*How to complete this task:* Reproduce word for word the line holding "SUNDRY Floral Tiered" and all lines after it in the data, through the end, leaving out pictures.

*Supplied data:*
---+---

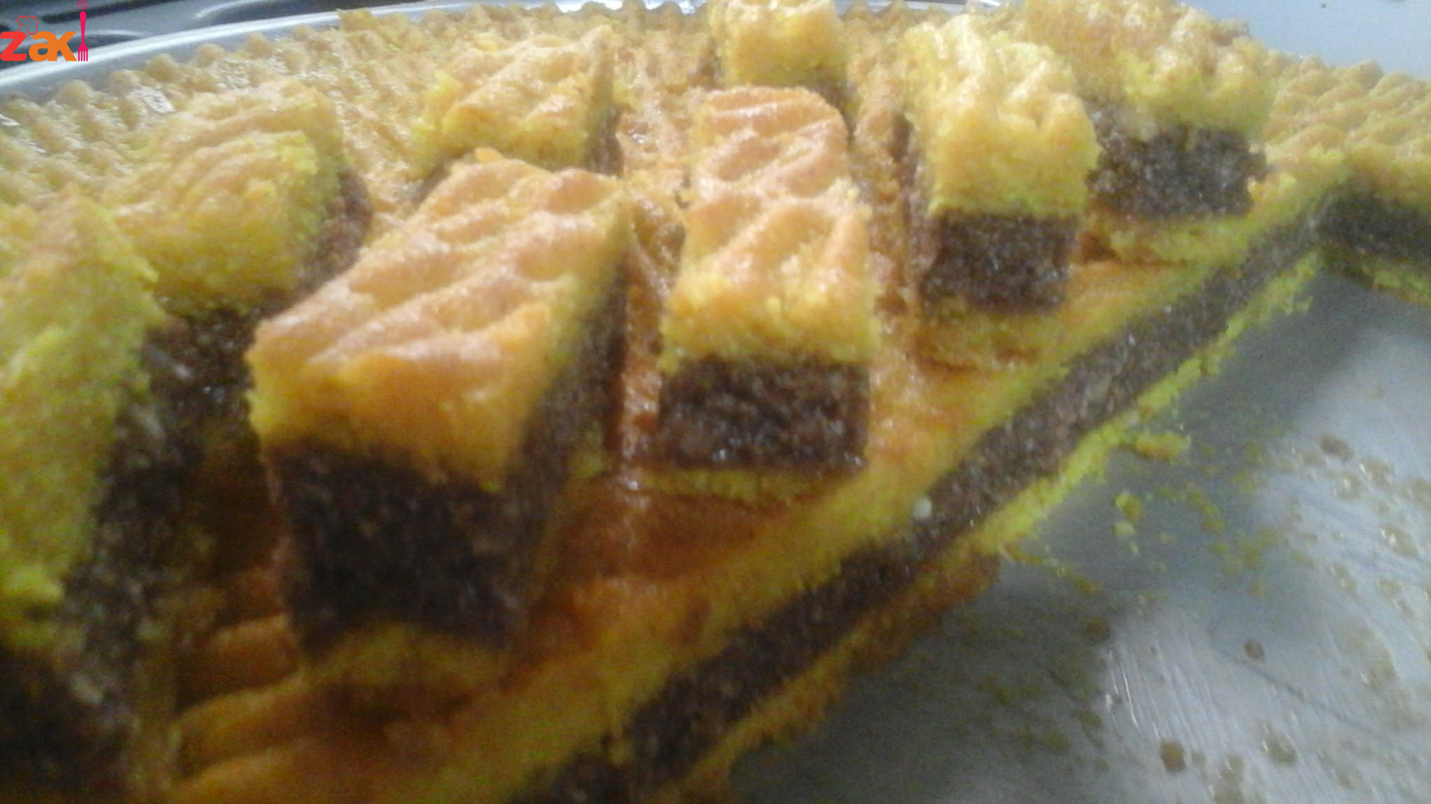 نأتي بالسدر نضع نصف العجينه ونفردها طبقه أولى وبعدين نضع عليهاالحشوه ونفردها جيدا مع الضغط عليها جيدا حتى تتماسك مع بعض ناتي بباقي العجينه الأولى ونفردها قطعه قطعه على كيس نايلون ونضعها على الوجه حتى ننتهي من فردها على الوجه كامل
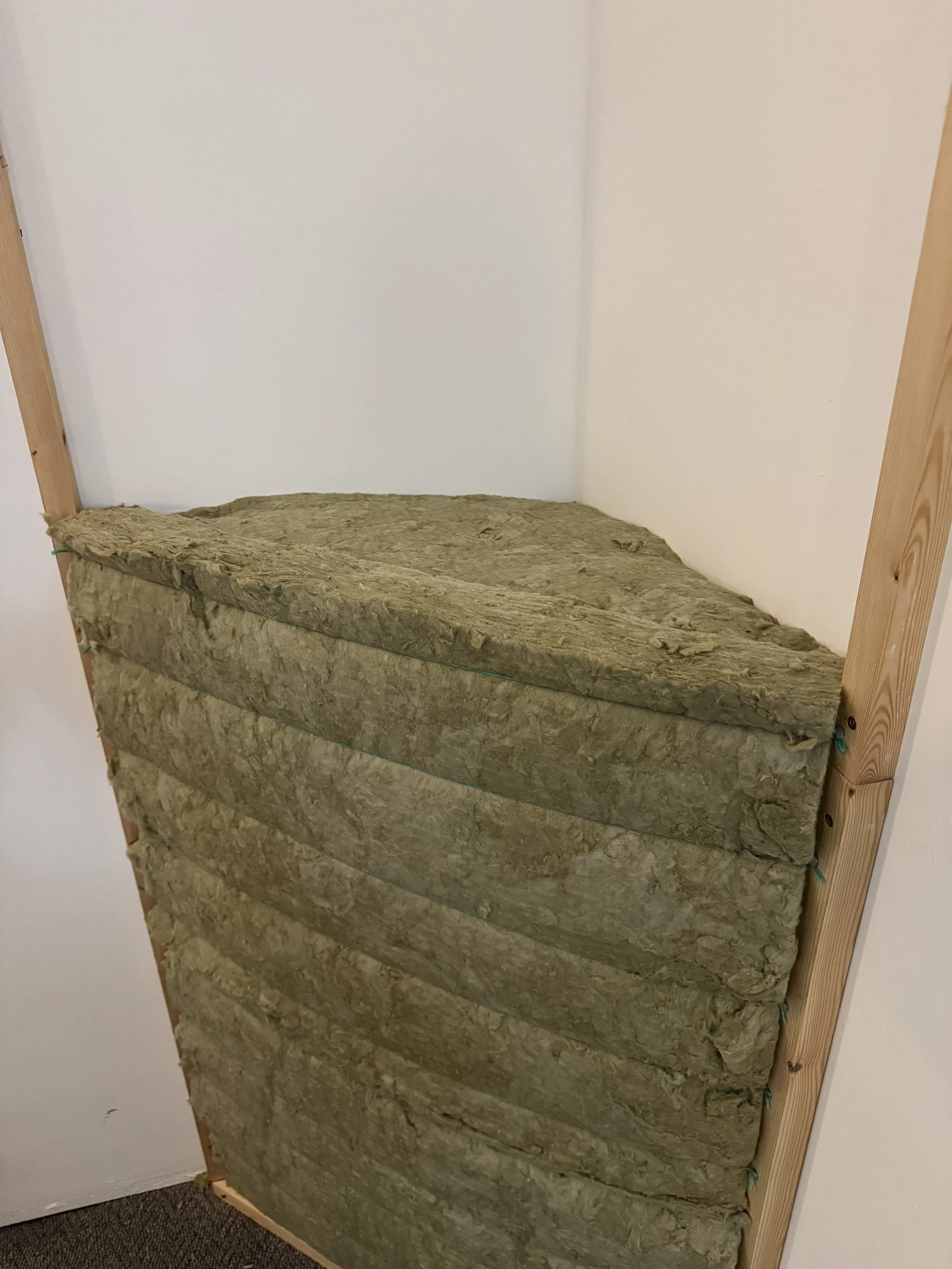 This, if you’re not a dedicated audiophile, is a half finished bass trap. Basically the corners of buildings tend to be the focal point for sub bass that emanates from the corners. As you can see it looks very much like a pork loin. But instead of pig meat I have used rock wool off cuts from earlier in the project. These ended up being about 50cm deep to the corner and because of the way I used string to secure the rock wool, I packed them very tight. According to my PhD Physicist son, Alfie, this should do a decent job of taming the low frequencies that were going to bounce around the studio.
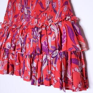 SUNDRY Floral Tiered Skirt Red Smocked Ruffle Lightweight Women's 1 / US S
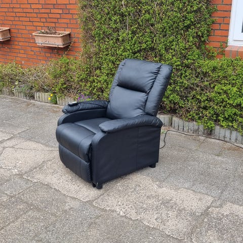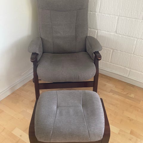 Med hvile- og katapult funktion. Gråbrun kunstlæder. Stolen har transporthjul, som kan deaktiveres, så stolen står stabilt. Der er et par steder med slitage - se billeder.

---+---

*Your response:*
 SUNDRY Floral Tiered Skirt Red Smocked Ruffle Lightweight Women's 1 / US S
 Med hvile- og katapult funktion. Gråbrun kunstlæder. Stolen har transporthjul, som kan deaktiveres, så stolen står stabilt. Der er et par steder med slitage - se billeder.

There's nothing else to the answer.